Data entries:

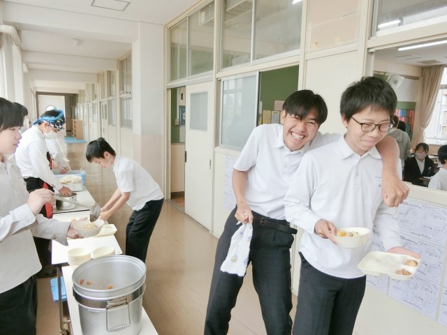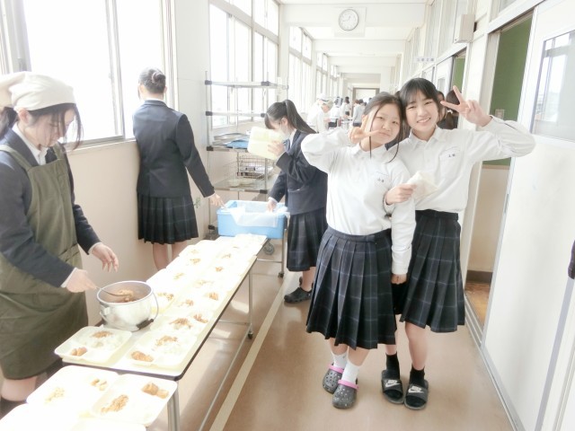 午前の授業が終わり、3年生の皆さんが給食の配食を行っています。今日は「鶏とジャガイモの煮物・厚揚げの醤油がけ・紅サケのそぼろ」の和風メニュー。紅サケそぼろは、炒めたサケに塩・コショウ・お醤油で味付けし、そぼろ状に仕上げました。白ご飯にのっけていただきましょう。
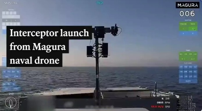 На кадрах видно, як на морському дроні відкривається контейнер, із якого вилітає невідомий перехоплювач. Він виявляє та уражає повітряну мішень, роль якої виконував безпілотник типу «крило».
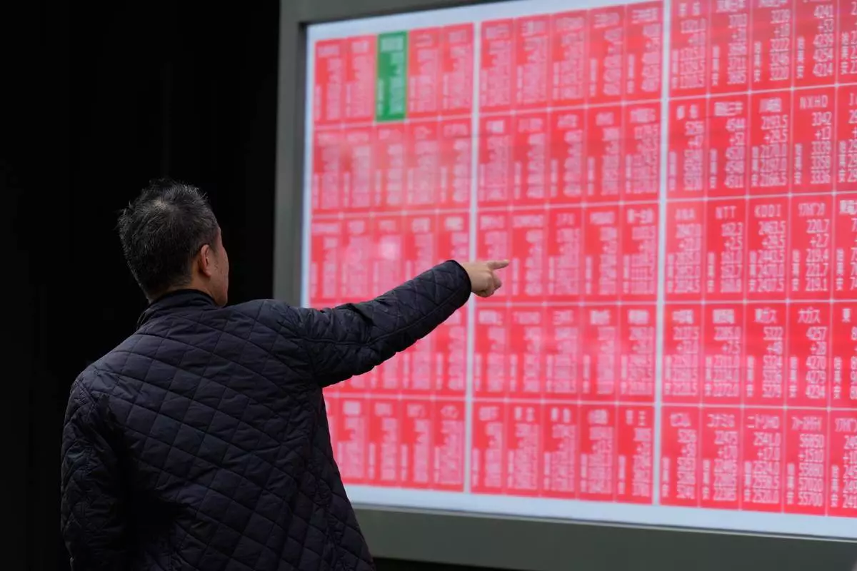 A person loots at an electronic stock board showing Japan's Nikkei index at a securities firm Monday, Oct. 27, 2025, in Tokyo. (AP Photo/Eugene Hoshiko)
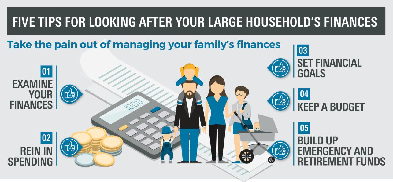 Managing finances for a big family need not be a painful exercise. By working alongside a financial adviser to keep track of your spending, and discussing money matters and setting financial goals as a family, handling household finances is a task you can achieve.
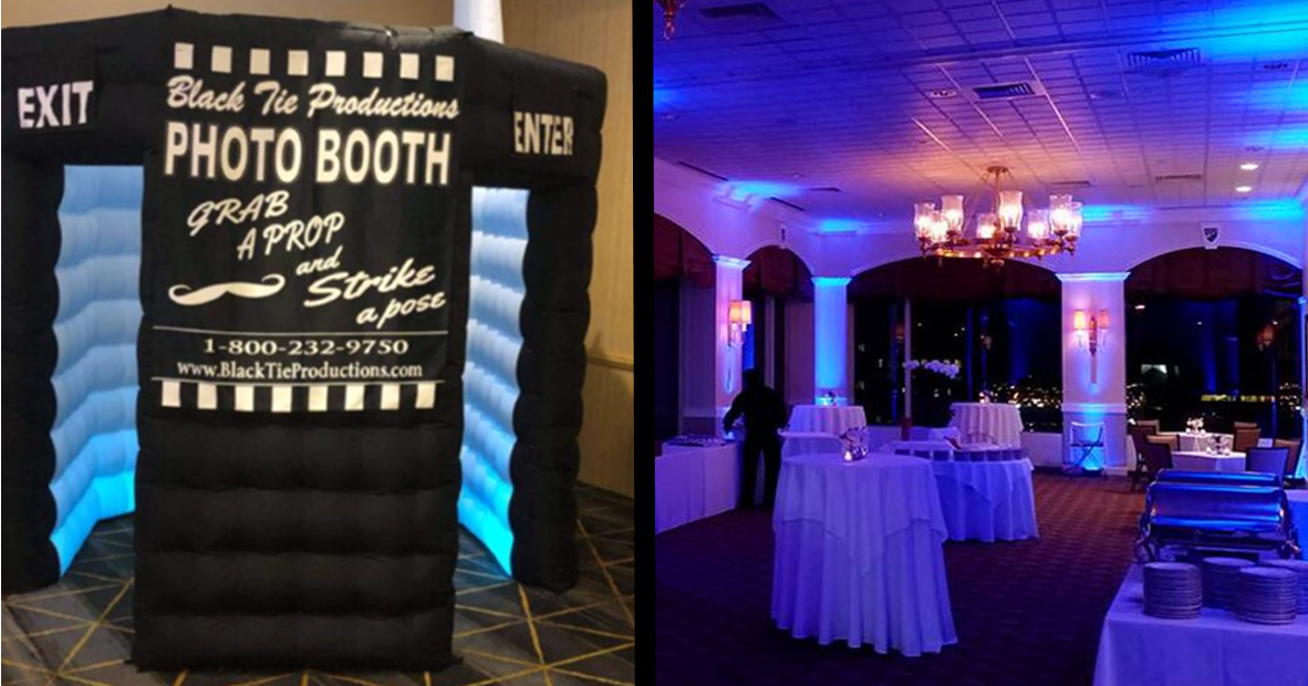 In the arena of celebration, an incredible black inflatable photo booth stands ready on the left like a fortress of nostalgia, guarding memories yet to be made. To the right, the event room unveils its magnificent domain: bathed in radiant blue light and adorned with round tables dressed in pristine white tablecloths. Above these gleams a legion of elegant chandeliers casting their shimmering glow. Here in this enchanting haven, moments are captured effortlessly with the help of a Michigan wedding DJ—a maestro offering instant quotes tailored to your unique desires—ensuring your epic event is nothing short of legendary!. :The Event Heroes at Black Tie Productions
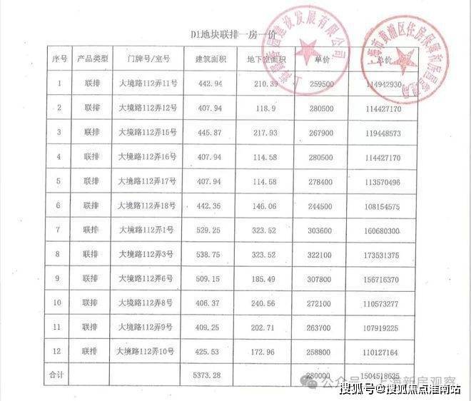 一房一价表如下
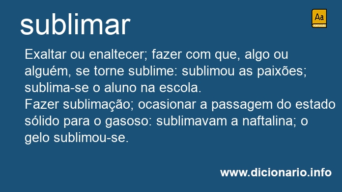 Exaltar ou enaltecer; fazer com que, algo ou alguém, se torne sublime: sublimou as paixões; sublima-se o aluno na escola.
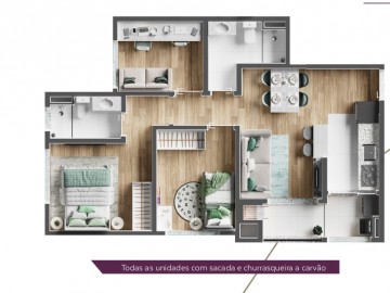 Apartamento à Venda com 3 dormitórios, sendo 1 suíte, 56m²
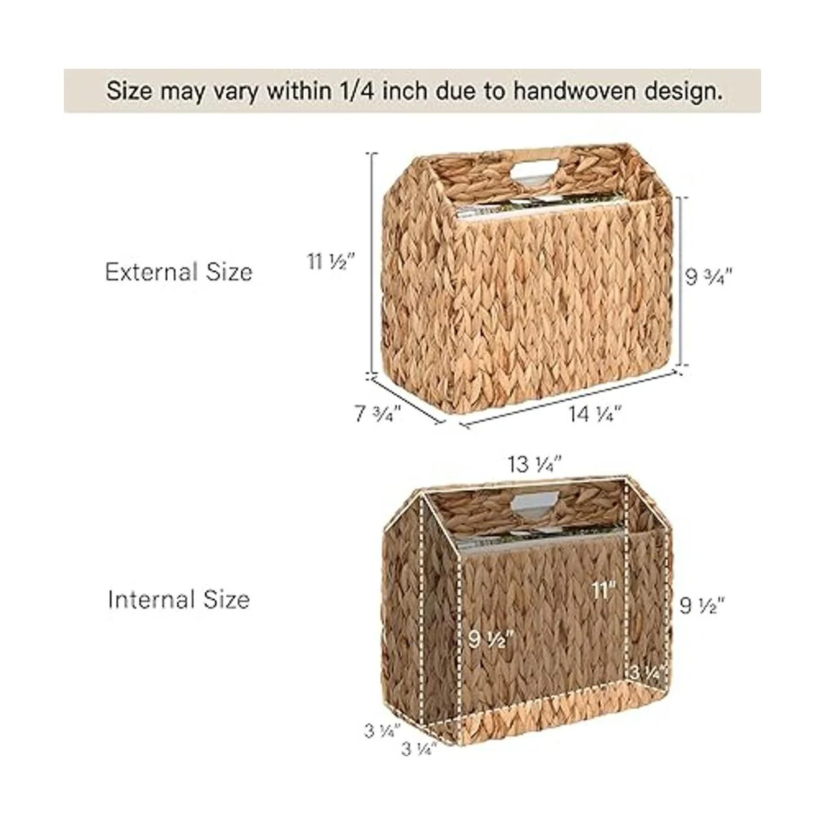 StorageWorks Cesta de revistas dividida tejida a mano, revistero de ratán, revistero de mimbre natural para baño, oficina, jacinto de agua, 14 de largo x 7 de ancho x 11 de alto
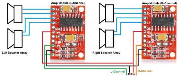Montar el módulo de amplificador PAM8403 en arreglo de discos de altavoz izquierda y derecha. Se refieren a la imagen de arriba para las instrucciones de cableado.
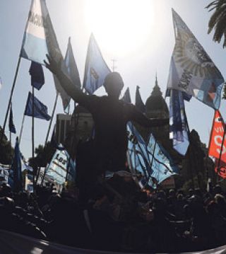 Las columnas de jóvenes y gente suelta se fue acercando de a poco a la Plaza de Mayo. Primero fueron los mineros con la estatua de Kirchner –a esa altura llena de ramos de florales y ofrendas de todo tipo– que recorrieron la Avenida de Mayo desde el Congreso hasta el centro de la Plaza de Mayo. Allí se encontraron con la presidenta de la Asociación Madres de Plaza de Mayo, Hebe de Bonafini, que los estaba esperando después de realizar la tradicional marcha de los jueves, apenas rozaban las cuatro de la tarde. Para esa hora las columnas de militantes del Movimiento Evita, el Frente Transversal, Nacional y Popular, la agrupación Kolina y la Corriente Peronista Nacional flameaban con el fresco viento de la tarde.
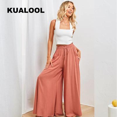 Women Casual Pants Elastic Drawstring High Waist Wide Leg Long Trousers Solid Color
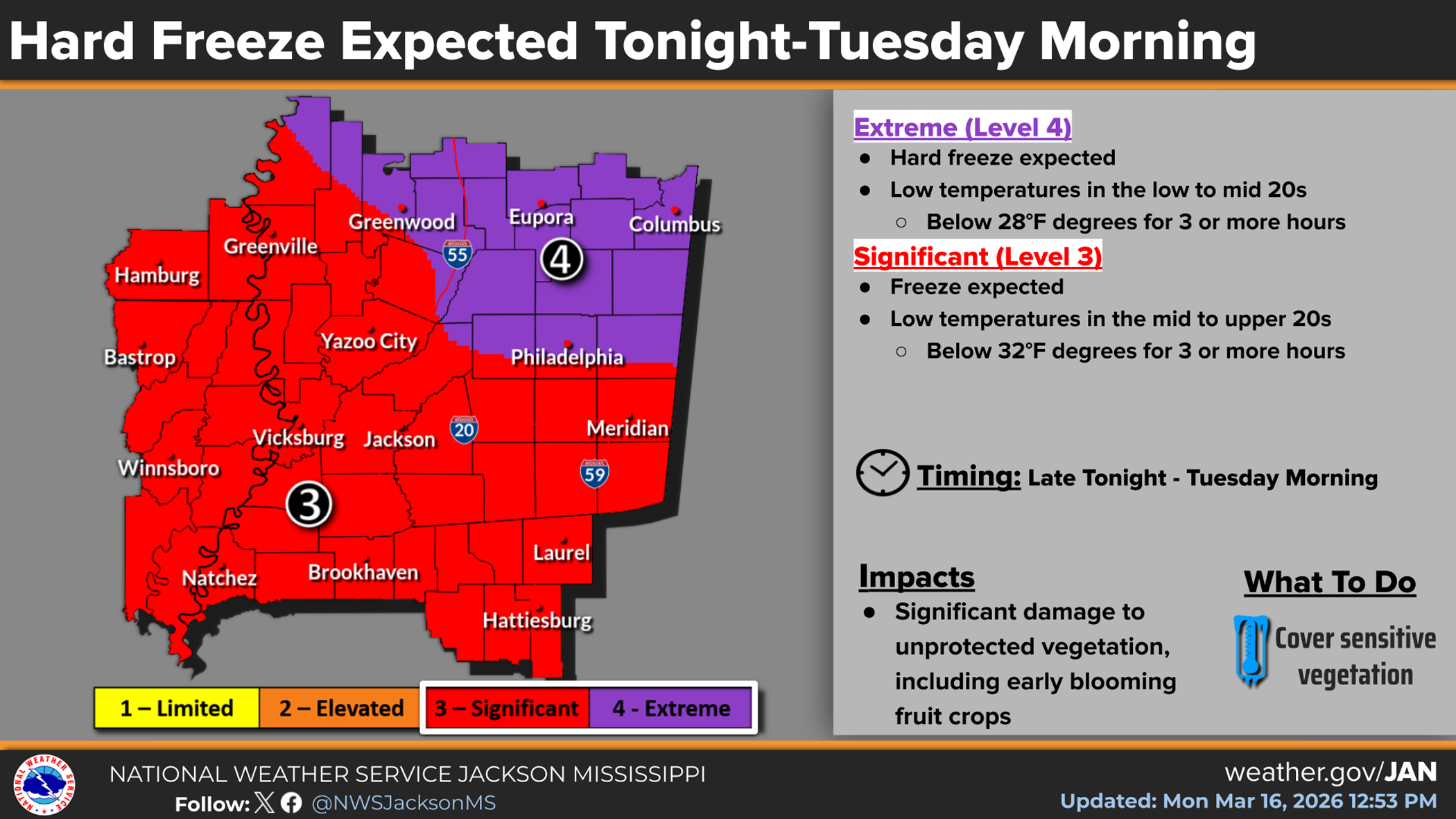 A National Weather Service map for the agency's Jackson service area shows that a hard freeze is expected tonight as far south as Greenwood and Philadelphia, while a significant freeze is expected for areas as far south as Brookhaven, Hattiesburg and Natchez.
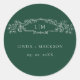 Emerald Green botanical crest monogram wedding Classic Round Sticker
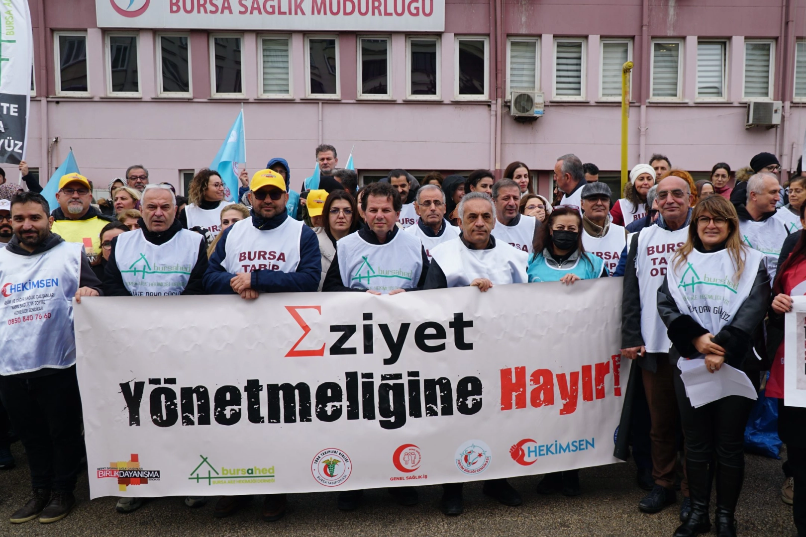 Bursa Tabip Odası (BTO), Genel Sağlık İş Sendikası Bursa Şubesi, HEKİM SEN Bursa Şubesi, Hekimler Birliği Sendikası Bursa Şubesi, Sağlık ve Sosyal Hizmetler Emekçileri Sendikası Bursa Şubesi (SES), Bursa Aile Hekimleri Derneği (BURSAHED) ile Birlik ve Dayanışma Sendikası’nın çağrısıyla Bursa İl Sağlık Müdürlüğü önünde bir araya gelen sağlık çalışanları basın açıklaması gerçekleştirdi.

Exercise description - Beginning with the line that contains "Women Casual Pants", output every line down to the last line of the entries above exactly as written, apart from the pictures.

Solution to this task -
 Women Casual Pants Elastic Drawstring High Waist Wide Leg Long Trousers Solid Color
 A National Weather Service map for the agency's Jackson service area shows that a hard freeze is expected tonight as far south as Greenwood and Philadelphia, while a significant freeze is expected for areas as far south as Brookhaven, Hattiesburg and Natchez.
 Emerald Green botanical crest monogram wedding Classic Round Sticker
 Bursa Tabip Odası (BTO), Genel Sağlık İş Sendikası Bursa Şubesi, HEKİM SEN Bursa Şubesi, Hekimler Birliği Sendikası Bursa Şubesi, Sağlık ve Sosyal Hizmetler Emekçileri Sendikası Bursa Şubesi (SES), Bursa Aile Hekimleri Derneği (BURSAHED) ile Birlik ve Dayanışma Sendikası’nın çağrısıyla Bursa İl Sağlık Müdürlüğü önünde bir araya gelen sağlık çalışanları basın açıklaması gerçekleştirdi.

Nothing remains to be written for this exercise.